A.J. talks with the crews at their units during a break in their busy day. 

Deputized by the Sacramento County Department of Public Health as critically needed medical caregivers under a special emergency disaster declaration that affords the new program with legal exemption for the staff’s medical activities, the four Community Care Response Units are staffed by firefighter/paramedics, physicians, nurse practitioners and physician assistants who are volunteering their time to the program.  

Podcast: Skilled Nursing Facilities and the Pandemic

The five fire agencies involved include:

  1. Sacramento Metropolitan (Metro) Fire District
  2. Sacramento City Fire Department
  3. Folsom Fire Department
  4. Sacramento Airport Fire Department
  5. Cosumnes Fire Department

These five fire agencies and the Sacramento Regional Fire Emergency Communications Center serve 1.6 million citizens with over 220,000 calls for service annually. 

Since the program went into service on April 1st, it has impacted close to 300 patients during a 9 a.m.-5 p.m. workday Monday through Friday — focusing almost 100% on Skilled Nursing Facilities (SNFs), Assisted Living Facilities (ALFs), and Memory Care Units that have been shown to be Hotspots for COVID-19 infection. 

To date, the program’s testing has shown that close to 25% of patients that were asymptomatic, but tested, have been shown to be COVID-19 positive.

A.J. also talks with the two dynamic individuals spearheading the new system, Dr. Kevin Mackey and Fire Captain/Paramedic/Physician Assistant Scott Perryman from Sacramento Metro Fire. 

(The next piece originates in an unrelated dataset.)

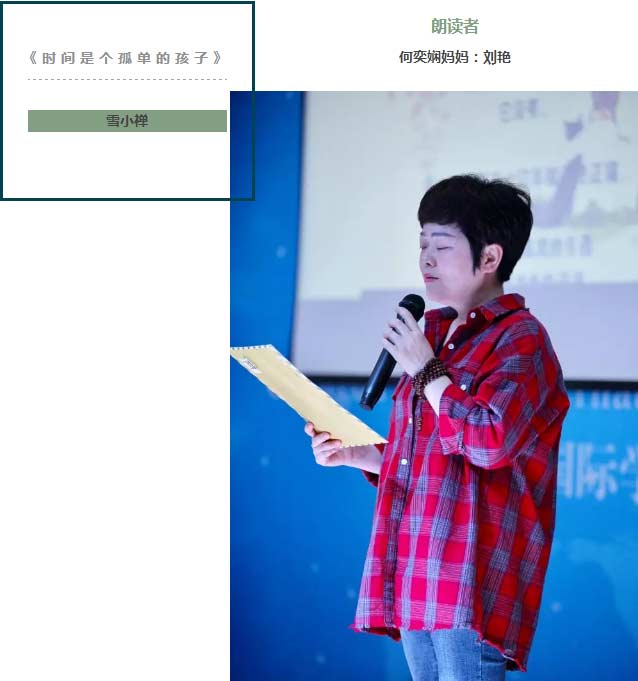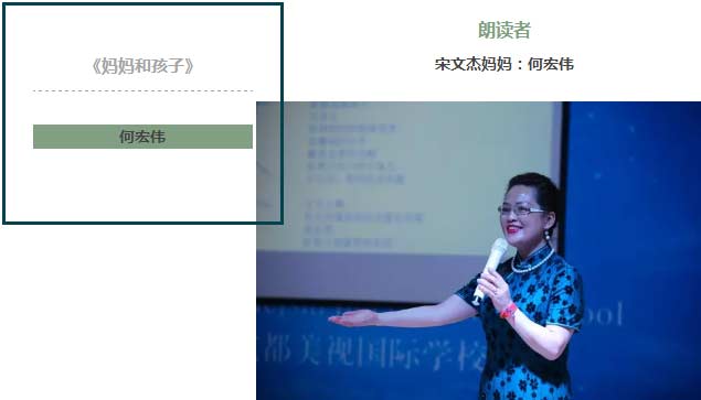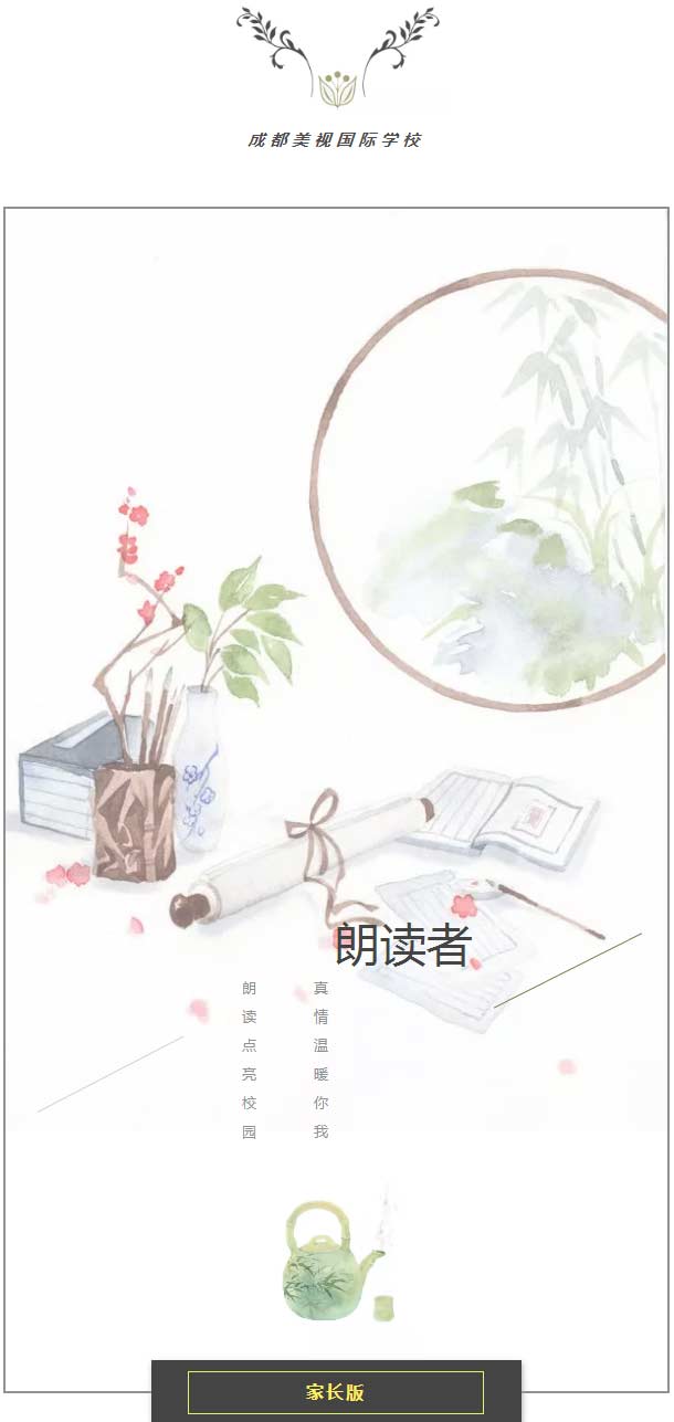 親愛的朋友,你有多久沒有大聲朗讀了? 你是否還記得當年讀過的課文,抄寫過的詩歌? 你是否有許多話,默放心頭,不知該怎樣講給孩子聽? 在詩意繽紛的美視校園,朗讀的熱潮正悄然涌動,心靈的大門已為你敞開...... 我校IB-MYP項目《美視朗讀者》第二期(家長版)邀您品悟。 也許我們平時看到的爸爸媽媽都是忙碌的、威嚴的,甚至焦頭爛額的,而捧著書本為我們朗讀的父母,又是記憶中怎樣一副溫暖的模樣? 久違了,那個床前燈下的“童話大王”! 久違了,朗讀的父母 特邀主持人 葛江虹 美視學子黃瀟漢的母親,曾任重慶電視臺節目主持人、導演。 她專業的現場培訓、親切的主持風格吸引了現場所有觀眾。 情到深處她也不禁潸然淚下,讓我們看到了作為主持人和作為母親的真情流露。 何奕嫻媽媽劉艷來自三線建設家庭,從小就有良好的普通話基礎,也因此獲得了很多登臺表演機會,她小時候看電影特別喜歡秀蘭·鄧波爾的配音演員劉純燕,就一直夢想成為一個配音演員。 《時間是個孤單的孩子》,何媽媽字正腔圓、情真意切的朗讀讓會場迅速充滿了濃濃的文藝氣息。 媽 媽 的 話 參與的過程和結果都很圓滿,這個恐怕是IB教學的魅力所在,不是孩子一個人在奔跑,父母也在追趕學習。 一捧起泰戈爾的詩集,陳薪竹媽媽馮韻璇就發現《開始》一詩像極了自己和女兒,是女兒的降生帶給自己作為年輕母親的開始,也是女兒的成長伴隨自己成長為三個孩子的優秀母親。 作為幼兒園園長的陳媽媽娓娓道來,夢想成為作曲家的女兒陳薪竹現場鋼琴伴奏,母女的完美配合溫情演繹了泰戈爾筆下的親子之美。 媽 媽 的 話 回家就迫不及待的跟爸爸分享了今天的活動,滿滿的都是愛和感動,媽媽們都太優秀了!特別是唯一的“爸爸”,滿滿的正能量,向你們學習! 高爾基的《海燕》是朗讀作品中的經典之作,并且還需要足夠的力量和勇氣來展現。 性格直爽的蘇適媽媽胡蓮希望通過這篇文章的朗讀傳遞給自己的兒子責任、堅強和毅力。 相信不僅是蘇適,在座的所有同學聽到蘇媽媽滿懷激情的朗讀后,都能體會到母親的一片心意。 媽 媽 的 話 我是一個從來不喜歡上舞臺的人,其實上去了也沒那么緊張。我想告訴孩子,朗誦需要技巧,想讀好,要下功夫多練習。 作為一名優秀的小學教師,宋文杰媽媽何宏偉除了自己的兒子之外還有許許多多其他的孩子。 由于職業關系,和自己的孩子相處的時間很少,反而和學生相處更多的她,一直對自己的兒子感到很內疚,因為還沒來得及陪伴他,他就已經長大成人離開家上大學了。 宋媽媽帶來了兩個學生,把自己創作的《媽媽和孩子》送給遠在外地讀書的孩子。至真至情的朗誦激蕩起在場所有媽媽和孩子的內心,感動的淚水盈滿了每個人的眼眶。 媽 媽 的 話 很高興有這樣的機會,雖然我兒已離開美視四年了,但站在這舞臺上,感覺兒子的高中畢業典禮仿佛就在昨天! 李佩恩爸爸李浪是一名杰出的企業家,也是非常關心孩子成長、時時陪伴孩子閱讀的好父親。 隨著兩個兒子的漸漸長大,和家里人相互了解溝通的時間越來越少,王朔的《致女兒書》正好符合孩子們面臨的青春期問題。 李爸爸希望通過這篇文章讓孩子了解父母心里想的、但又無法說出口的東西。 爸爸的話 多讀書 張靜文媽媽樂萍是位用心的全職媽媽,從小的陪伴與鼓勵給孩子帶來了積極樂觀的性格,如今,自信而懂事的孩子鼓勵媽媽報名參加《美視朗讀者》,為媽媽選擇文章,甚至根據現場情緒和氣氛即興鋼琴伴奏! 《成長路上好爸媽》道出了全天下父母的心聲,母女的完美配合也生動展現了親子關系融洽的最高境界。 媽 媽 的 話 能站在《美視朗讀者》舞臺上朗讀,內心是滿滿的感恩和感動!雖然我不專業,卻真實表達了我的內心獨白。無條件的去愛我們的孩子,用我們最大的耐心和愛心去呵護她們、教導她們,因為孩子愛我們比我們愛她們更多一點。陪伴才是最長情的告白! 對于陳浩文媽媽呂貴娟,孩子們再熟悉不過了,學校的每一次活動都有她的身影,學校的每一年感恩墻上都有她的名字,班級活動的許多生動的照片都是她的作品。 吳瑛1977年發表的《十里長街送總理》曾經是人們耳熟能詳的作品,也是緬懷鞠躬盡瘁的周總理的佳作,陳媽媽選擇這篇文章,就是希望孩子們不要忘記歷史,也希望自己的孩子能成為一個有用的人、一個對社會有貢獻的人、一個能推動社會發展的人。 媽 媽 的 話 請相信,事在人為!只要你肯往前走,路一直都在!朗讀者,讓你能敞開心扉跟著文字去感受與理解! 楊楊世成媽媽楊嵐女士是孩子們口中特別溫柔、特別有耐心的媽媽。可就是這樣的媽媽,孩子有時也會嫌她啰嗦、嘮叨。 楊媽媽選了史鐵生的《秋天的懷念》,想通過這篇文章讓孩子們體會到媽媽的嘮叨是什么樣的心情,而媽媽沉默之后的孩子又會是如何的傷感和失落,因為沉默一定是代表你已經失去了最愛你的媽媽。 媽媽的話 朗讀——讓你敞開心靈,去感知世界的一切美好! 《愿你》,一封北京的14歲初二女生寫給“親愛的自己”的書信,陽光又溫暖,說出了很多人到中年的人想說的話,也紅遍了網絡世界。 黃瀟漢媽媽葛江虹作為本期最后一位朗讀者,將這封信獻給全場所有人,也希望所有孩子都能在心里給自己的未來畫上一幅美麗的藍圖。 媽媽的話 閱讀是由外向內的,朗讀是由內而外的,朗讀由此融入了更

Perryman had been working on the framework for a Community Care Response Unit for the past two years and stepped up and fast-tracked the program with assistance from Dr. Kevin Mackey, Fire Service Medical Director for the Sacramento Area Fire Agencies.

With over 30 years of experience in prehospital care, Dr. Mackey is a board-certified EMS physician on the staff of Kaiser South Sacramento Hospital and Medical Director for Sacramento Regional Fire Services.

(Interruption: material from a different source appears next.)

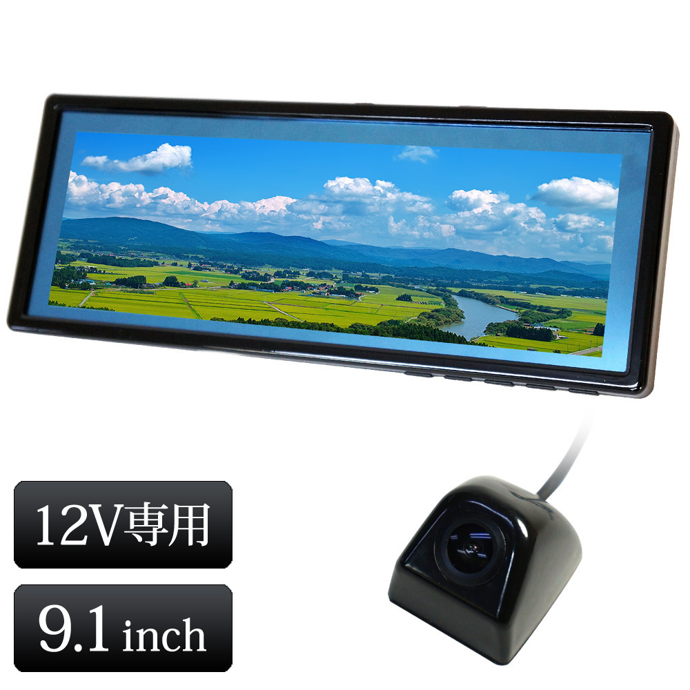 > バックミラーモニター 9.1インチ バックカメラ モニター セット 12V専用 映像2系統 バック連動 遮光 常時通電 CMOS正像鏡像 B391C891B

He is the principle investigator for a Community Paramedicine project focusing on paramedic assessment and clearance of behavioral health patients in the field. He is also the past president of the Emergency Medical Directors Association of California, a team physician for Urban Search and Rescue California Task Force 7 and serves on the Executive Board of Directors for the National Registry of EMTs.